▶ DATASET CONTENT
# # #
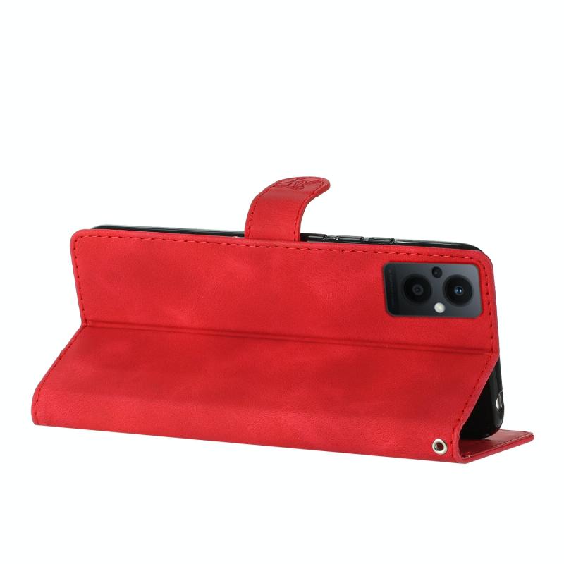 Θήκη τηλεφώνου από δέρμα με ανάγλυφο σχέδιο λουλουδιών και πεταλούδας για OPPO Reno8 Lite 5G / Reno7 Z (Κόκκινο)
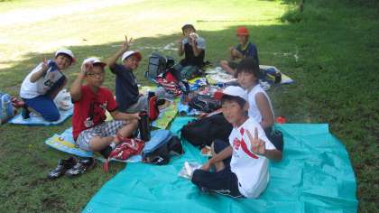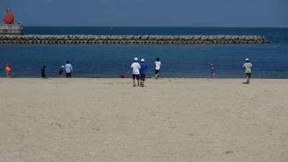 開校式が終わると、お弁当を食べて、敷地内海水浴場の浜で遊びました。
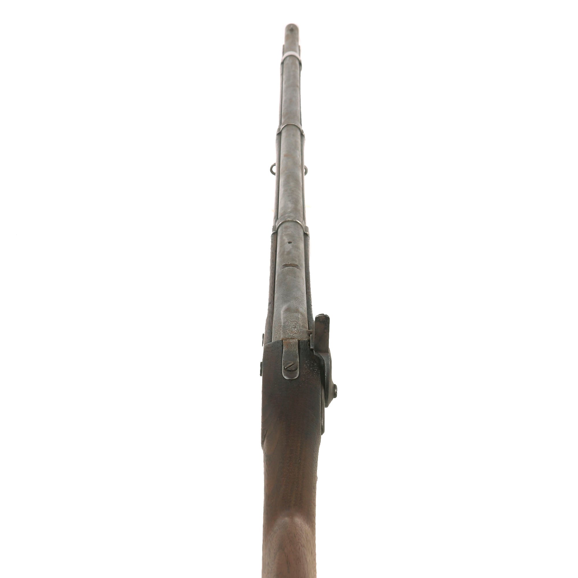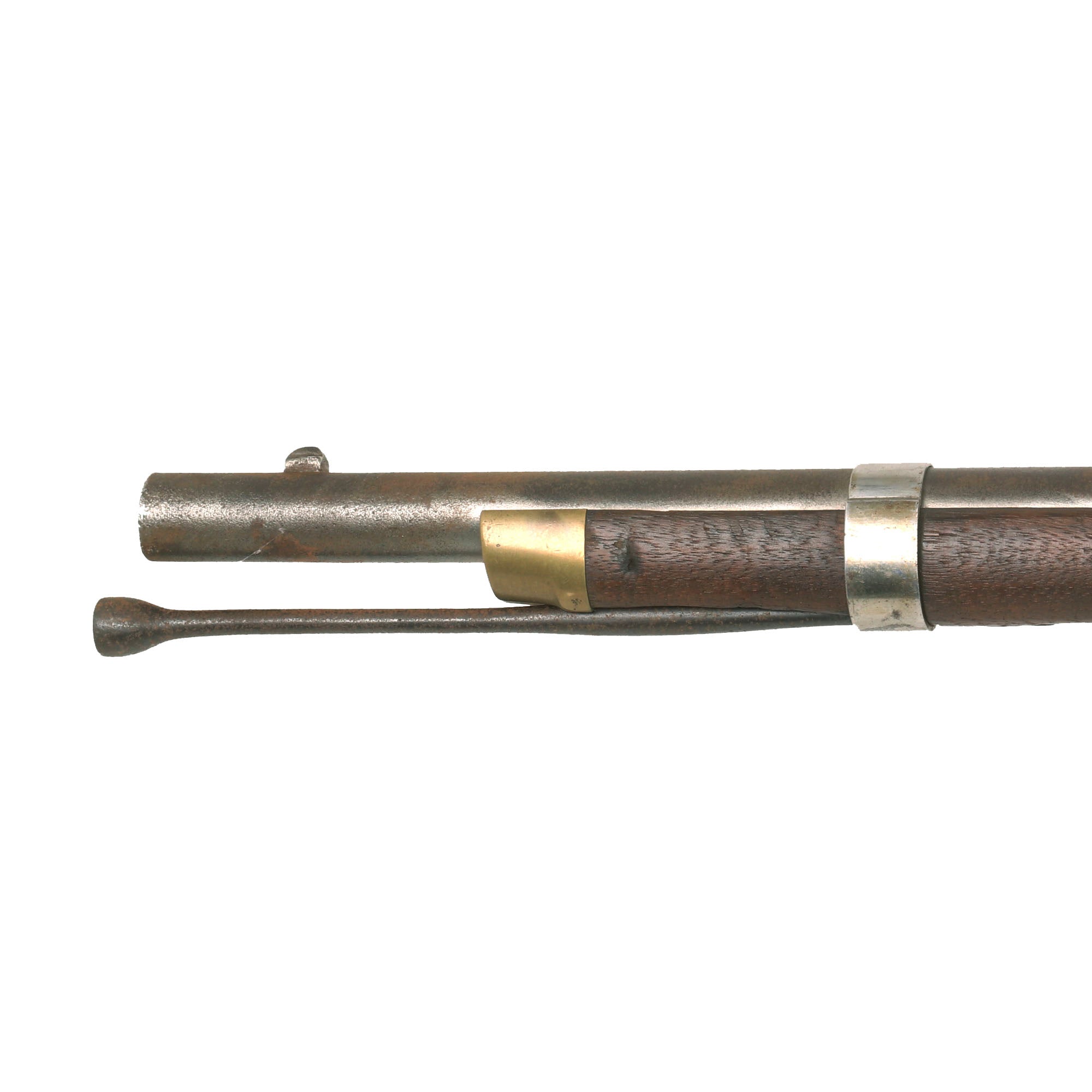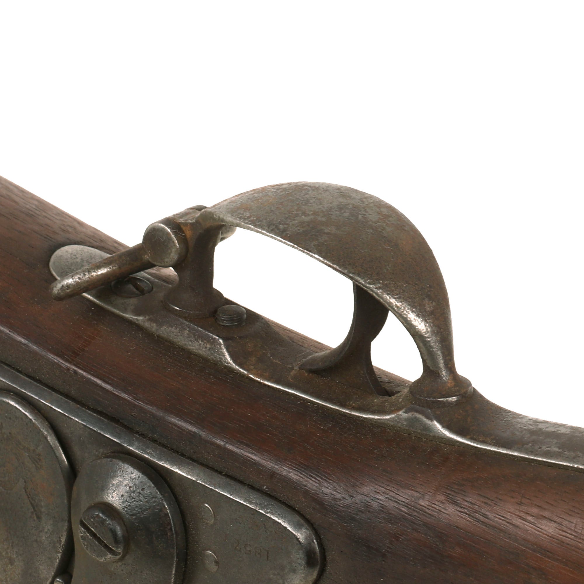 Bore is shot out with very little reminisce of rifling remaining. A long-range rear sight and blade/bayonet lug front sight remain in place but the rear sight is missing. The original, steel, swelled-shank, tulip-head ramrod retains its threaded tip. Two rear barrel bands are original and secured to the stock via flat iron springs. Front barrle band is a replacement. Butt plate is stamped “US”.
# # #
▶ WHAT THIS TASK INVOLVES
Would you please set down the data above again exactly, without its pictures?

▶ YOUR RESPONSE
 Θήκη τηλεφώνου από δέρμα με ανάγλυφο σχέδιο λουλουδιών και πεταλούδας για OPPO Reno8 Lite 5G / Reno7 Z (Κόκκινο)
 開校式が終わると、お弁当を食べて、敷地内海水浴場の浜で遊びました。
 Bore is shot out with very little reminisce of rifling remaining. A long-range rear sight and blade/bayonet lug front sight remain in place but the rear sight is missing. The original, steel, swelled-shank, tulip-head ramrod retains its threaded tip. Two rear barrel bands are original and secured to the stock via flat iron springs. Front barrle band is a replacement. Butt plate is stamped “US”.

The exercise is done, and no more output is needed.